Vitamin D ist für viele Körpergewebe essentiell und an zahlreichen biologischen Prozessen beteiligt, die über den Knochenstoffwechsel hinausgehen. Es gibt genügend epidemiologische Beweise, die zeigen, dass niedrige Vitamin-D-Spiegel mit verschiedenen Erkrankungen, insbesondere mit Autoimmunerkrankungen, assoziiert sind. Der Nachweis einer höheren Prävalenz von Vitamin-D-Mangel bei SLE-Patienten im Vergleich zu gesunden Kontrollpersonen in Verbindung mit der jüngsten Entdeckung seiner immunmodulierenden Eigenschaften sowohl bei angeborenen als auch bei adaptiven Reaktionen hat das Interesse an diesem Bereich geweckt, um eine klinische Rolle von Vitamin D im Verlauf von SLE nachzuweisen. SLE-Patienten haben eine höhere Prävalenz von Osteopenie und Osteoporose, auch bei jungen prämenopausalen Frauen, als Folge verschiedener Faktoren, unter denen die Verwendung von Glukokortikoiden, Vitamin-D-Mangel und die Aktivität der Krankheit enthalten sind. Es ist wichtig, diese Faktoren frühzeitig zu identifizieren, um das Frakturrisiko zu verringern. Obwohl neuere Daten auf die Existenz eines Zusammenhangs zwischen Vitamin-D-Mangelzuständen und SLE-Aktivität hindeuten, gibt es immer noch nicht genügend Beweise, um kategorisch zu bestätigen, dass ein Zusammenhang besteht, noch ist der Einfluss der Substitutionsbehandlung mit Vitamin D auf die Aktivität der Krankheit vollständig verstanden worden. Daher sind prospektive randomisierte kontrollierte therapeutische Interventionsstudien erforderlich.

Ethische Offenlegungenschutz von Menschen und Tieren

Die Autoren erklären, dass für diese Studie keine Experimente an Menschen oder Tieren durchgeführt wurden.

Vertraulichkeit der Daten

Die Autoren erklären, dass in diesem Artikel keine Patientendaten enthalten sind.
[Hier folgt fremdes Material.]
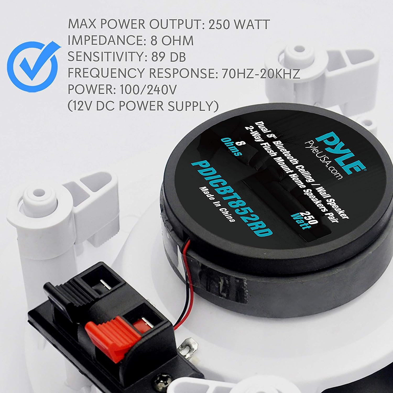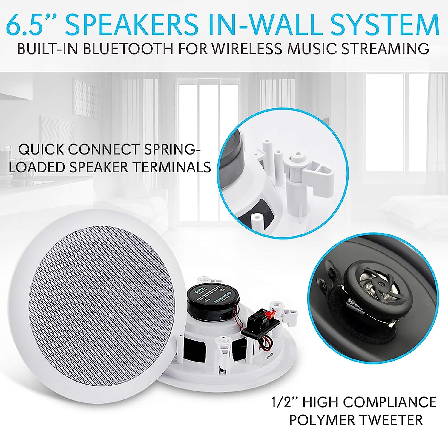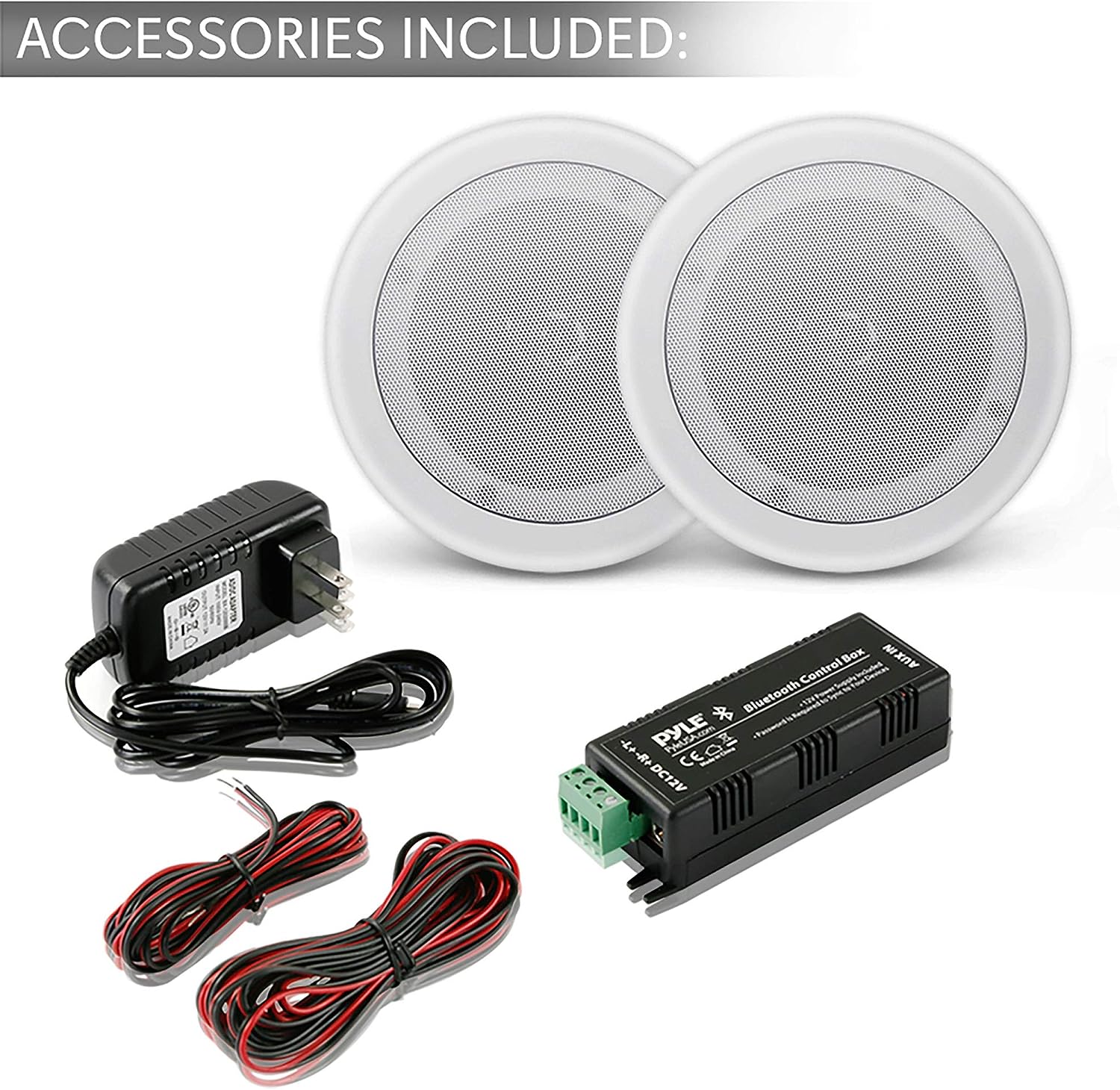 The Pyle In-Wall/Ceiling Bluetooth Speaker Kit delivers effortless stereo sound to any room in your home or office. The included Bluetooth controller allows for wireless music streaming ability and doubles as a sound processing digital amplifier. You will be able to stream audio from all of your favorite Bluetooth devices (like smartphones, tablets and computers). Each round-style speaker features a high-compliance polymer tweeter that delivers full, rich sound without cluttering floor space. They are made of environmental friendly ABS material and include a cut-out template for easy installation. Mount them in a convenient location on the wall or ceiling for a flush, clean look. Achieve wide-range sound performance and add audio to any room with the Pyle In-Wall/Ceiling Bluetooth Speaker Kit.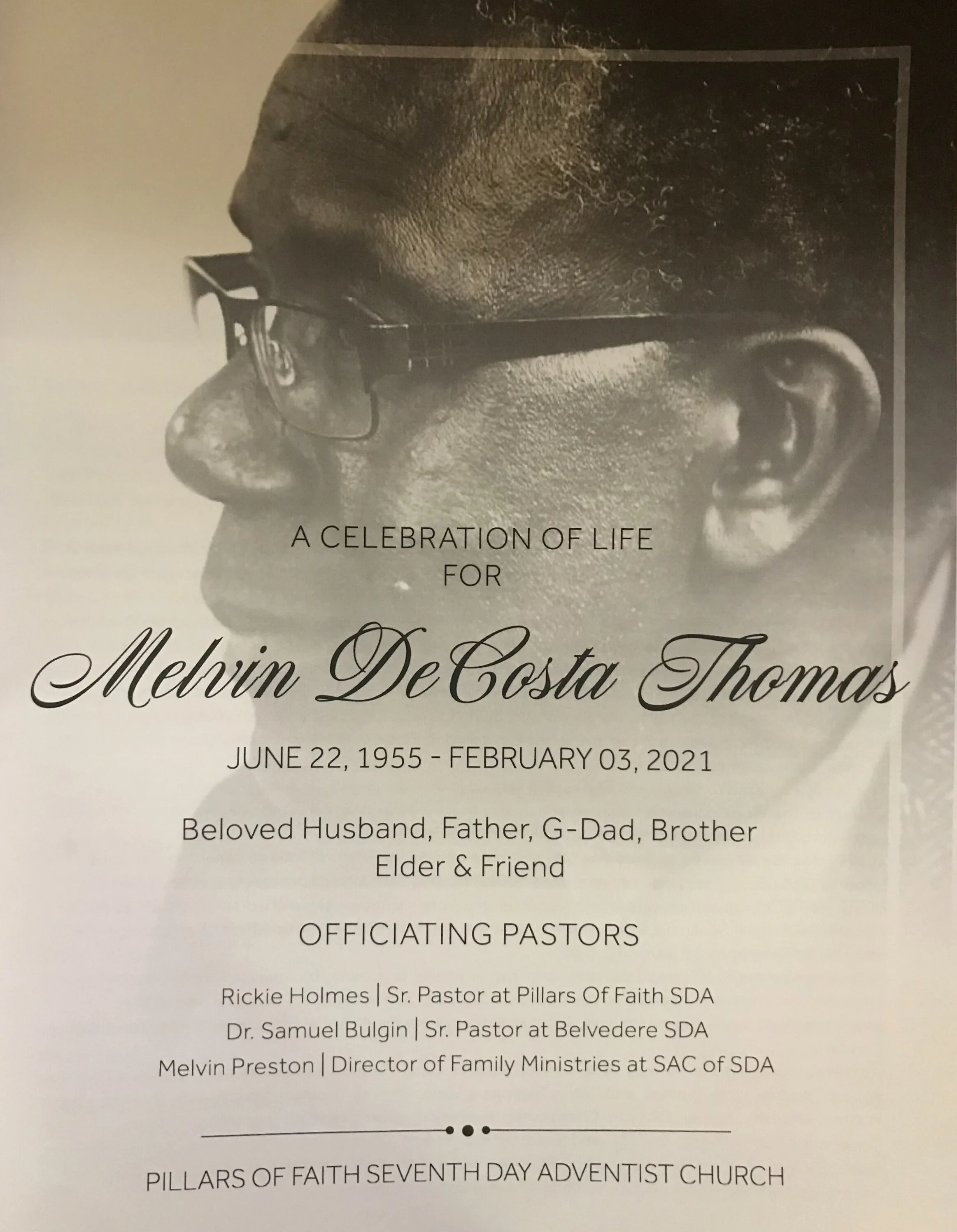 Celebration of Life for Elder Melvin DeCosta Thomas Sunday, February 21, 2021 11:00 AM 12:00 PM 11:00 12:00 Pillars of Faith SDA Church 3220 Bouldercrest Road Ellenwood, GA 30294 United States (map) Google Calendar ICS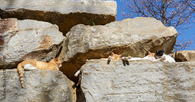 Gatos callejeros tumbados al sol. Parque urbano, León, España.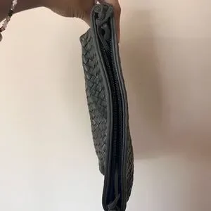 Elegant Gray Woven Leather Shoulder Bag Vintage Meyers made in USA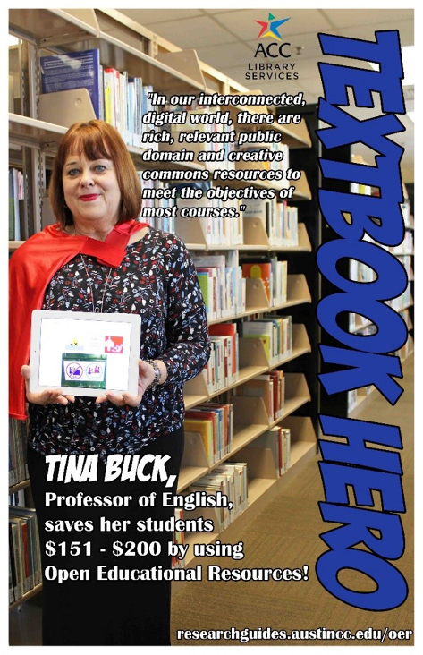 @acclibraries READ-style poster example (Source: Austin Community College Libraries, [@acclibraries], “Textbook Hero Tina Buck,” Instagram photo, March 7, 2018, https://www.instagram.com/p/BgB--57DUjs/.)

Recht auf Privatsphäre und Einwilligung nach Aufklärung

Die Autoren erklären, dass in diesem Artikel keine Patientendaten enthalten sind.

Interessenkonflikt

Die Autoren haben keinen Interessenkonflikt anzugeben.

Write a Comment

Deine E-Mail-Adresse wird nicht veröffentlicht.